HER2DX Affected Approximately 50% of Treatment Decisions for HER2+ Breast Cancer

HER2DX aided in HER2+ breast cancer therapy decisions and the pCR rate was comparable among those who did and did not have HER2DX-driven treatment changes.

The genomic diagnostic test HER2DX supported treatment adjustments and improved physician confidence (P < .001) when using the assay in patients with stage I to III HER2-positive breast cancer, according to findings from a study conducted in Spain and published in ESMO Real World Data and Digital Oncology.1

Findings from the first prospective real-world investigation assessing the impact of HER2DX results on treatment decision-making in clinical practice revealed that 48.1% (95% CI, 42.5%-53.7%) of patients (n = 297) had treatment adjustments after the HER2DX assay was used by oncologists (n = 34).1,2 The changes included reduced treatment intensity (73.5%), increased treatment intensity (24.5%), and mixed adjustments (2.0%).1 Reductions in treatment intensity encompassed reductions with chemotherapy (56.2%), anti-HER2 therapy (26.7%), and both chemotherapy and anti-HER2 therapy (17.1%), which included avoiding anthracycline-based regimens (40.8%), removing 1 anti-HER2 agent (29.5%), and/or shortening the duration of trastuzumab (Herceptin) therapy (15.2%).

“Conversely, in 24.5% of cases with therapeutic modifications, HER2DX results prompted an increase in therapy intensity,” study authors wrote. “Within these cases, 57.1% involved the addition of another anti-HER2 agent, such as pertuzumab [Perjeta] and/or neratinib [Nerlynx], 20.0% involved more intensive chemotherapy, and 22.9% involved both.”

Further data revealed that the pathologic complete response (pCR) likelihood score was a significant predictor of pCR (P < .001) for patients where pathological data was available at surgery (n = 182).1 Patients with pCR-high disease (n = 69) experienced a pCR rate of 81.5% when given less intensive treatment vs 69.0% among those who received multi-agent chemotherapy (OR = 1.97; P = .256) in the study.

Additionally, the pCR rate was comparable between patients who did not have HER2DX-driven treatment changes (n = 89) and those who did have treatment changes (n = 93; OR, 1.03; 95% CI, 0.57-1.86, P = .912).
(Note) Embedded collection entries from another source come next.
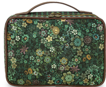
51.274.226 Beauty Case Square Large 27x10x19 cm Tutti i Fiori Green 60% PVC - 40% Polyester Compartments: 2 - Pockets: 2 - Ltr: 4 1/12
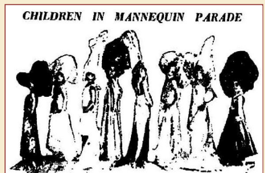
A unique feature of "Puss in Boots," at the St. James, is a mannequin parade by children.

tableau, a roof where a number of cats are dancing, overlooking a perspective of river, plain and high towers; the beautiful sylvan picture of the old mill with its broad wheel turning, and a rustic bridge leading to the deep glades beyond, the king's palace, an effective interior, and the rich transformation scene which concludes the first act, a spectacle of colour harmoniously blended in a scheme of blue bells, daffodils and roses" (" Puss in Boots ," 10).
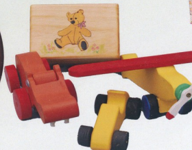
Selection of wooden toys

Investigators also found that independent of hormone receptor status, type of systemic treatment, and clinical stage, the HER2DX pCR likelihood score was significantly associated with pCR (adjusted OR per 10-unit increase, 1.31; 95% CI, 1.12-1.53, P = .001).
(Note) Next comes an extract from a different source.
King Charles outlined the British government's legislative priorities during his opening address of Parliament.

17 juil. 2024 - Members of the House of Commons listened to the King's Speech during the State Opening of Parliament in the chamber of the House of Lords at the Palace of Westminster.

Moreover, an estimated total cost savings of €98,031 also occurred as of the September 30, 2024, data cutoff. Cost savings included direct drug costs, vein access devices, and HER2DX costs (the retail price of the HER2DX assay is €2950 per test).

“This study represents a significant step forward in personalized oncology. HER2DX enables physicians to make precision-guided decisions with greater confidence, improving patient care,” Olga Martínez Sáez, MD, PhD, a breast medical oncologist at Clinic Barcelona Comprehensive Cancer Center in Spain and principal investigator of the study, said in a news release.2

Examining HER2DX and the Prospective Study

HER2DX is a laboratory-developed test that has been analytically and clinically validated and provides prognostic information, predictive information, and HER2 expression level data.1 The assay integrates clinical data including tumor stage and nodal status when evaluating 27 genes involved in immune infiltration, luminal differentiation, tumor cell proliferation, and HER2 amplicon expression.
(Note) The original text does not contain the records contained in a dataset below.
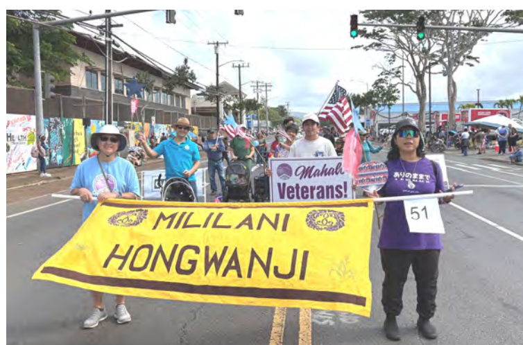
Veteran's Day Parade
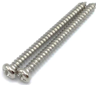
2 EA x Screw
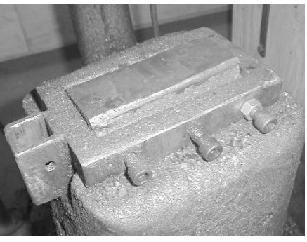
Figure 8: Removable hardy hole

vou make it with this idea in mind). Weld up a heavy 'ring' of steel (See Fig. 1) that clamps around the dies and weld a box (two pieces of angle iron, sistered together) to one side. Add a couple of lock bolts (and I strongly suggest the use of the lock nut as shown in Figure 1) and you now have a hardy hole on your Tools hammer. can be as simple as a fullering plate (Figure 2) or as elaborate as a set of spring dies. Use
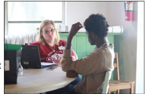
High school senior meets with a college counselor to plan for the future.

On August 12 and 13, Branches Climb to College & Career held an overnight boot camp at the University of Miami to help 33 rising junior and seniors jump start the college planning process. The students had the opportunity to explore the college campus, learn tips to prepare for college entrance exams and plan ways to pay for college through Financial Aid 101. During the boot camp, students also met one-on-one with a professional college counselor to create a plan for the application process and build a list of best fit colleges. In addition, students worked with writing coaches to draft their personal statements. The boot camp ended with a banquet where the students dressed up to celebrate each other.
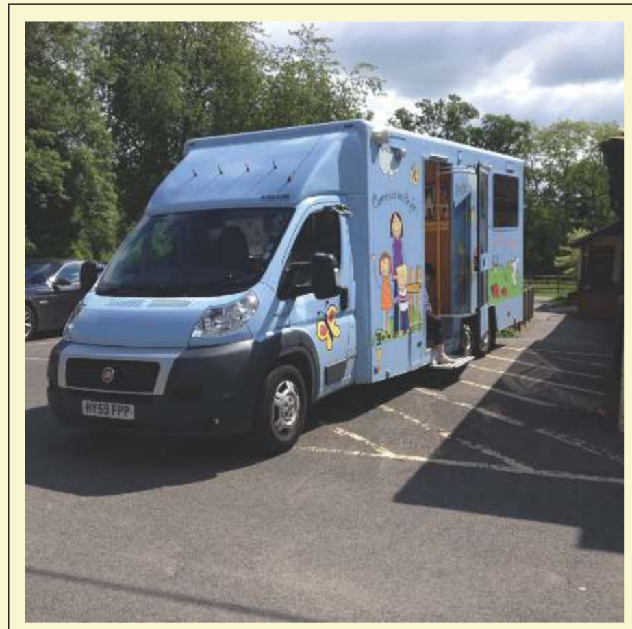
(Below): The mobile children's library, seen here parked next door to the Pre-School in 2015, visits every two weeks.
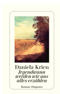
Someday We'll Tell Each Other Everything 272 pages 2022 🏆 Award winner 🎬 Movie Adaptation 📈 Bestseller

The observational study was conducted between November 2021 and September 2024 across 12 hospitals in Spain. It included patients with newly diagnosed stage I to III HER2-positive breast cancer at the time of diagnosis or following primary surgery. The primary end point was the effect of the HER2DX assay on therapeutic decision-making. Secondary objectives included test turnaround time, association between pCR likelihood score and actual pCR rates, changes in physician confidence before and after receiving the assay report, and cost analysis.

Additionally, no physicians who used the test in the study had prior experience with it and before receiving the test’s results, they completed a questionnaire on their initial treatment plan and level of confidence on the proposed approach. Physicians then completed an identical follow-up questionnaire after HER2DX’s results became available.

The median turnaround time for the HER2DX test was 7 working days (range, 3-19) and this was defined as the time from sample receipt at the central laboratory to report release. According to the HER2DX assay relapse risk score, patients had low-risk (52.5%) and high-risk (47.5%) breast cancer. Additionally, per the pCR likelihood score, patients had pCR-low (36.7%), pCR-medium (28.6%), and pCR-high (34.7%) disease, and per the HER2 mRNA score, HER2 status was low (10.4%), medium (18.9%), and high (70.7%).

Patients included in the study were a median age of 54 years (range, 28-90) and most had ductal histology (91.2%), hormone receptor–positive disease (61.3%), and a HER2 immunohistochemistry score of 3+ (80.2%). Additionally, patients were postmenopausal (60.7%), had a median Ki67 score of 35 (range, 2-95), and had received adjuvant (22.2%) or neoadjuvant (77.8%) treatment. Disease stages included I (28.0%), II (56.2%), and III (15.8%) and grades of disease were 1 (7.8%), 2 (56.9%), and 3 (35.3%). Furthermore, patients had T1 (42.1%), T2 (43.1%), T3 (10.4%), and T4 (4.4%) and N0 (60.0%), N1 (32.3%), N2 (6.7%), and N3 (1.0%) breast cancer.

What’s Next With HER2DX?

Next steps with the assay include ongoing research with a cost-effectiveness analysis in the prospective DEFINITIVE trial (NCT06446882) and prospective validation of the test in the DEFINITIVE and CompassHER2 pCR (EA1181, NCT04266249) trials.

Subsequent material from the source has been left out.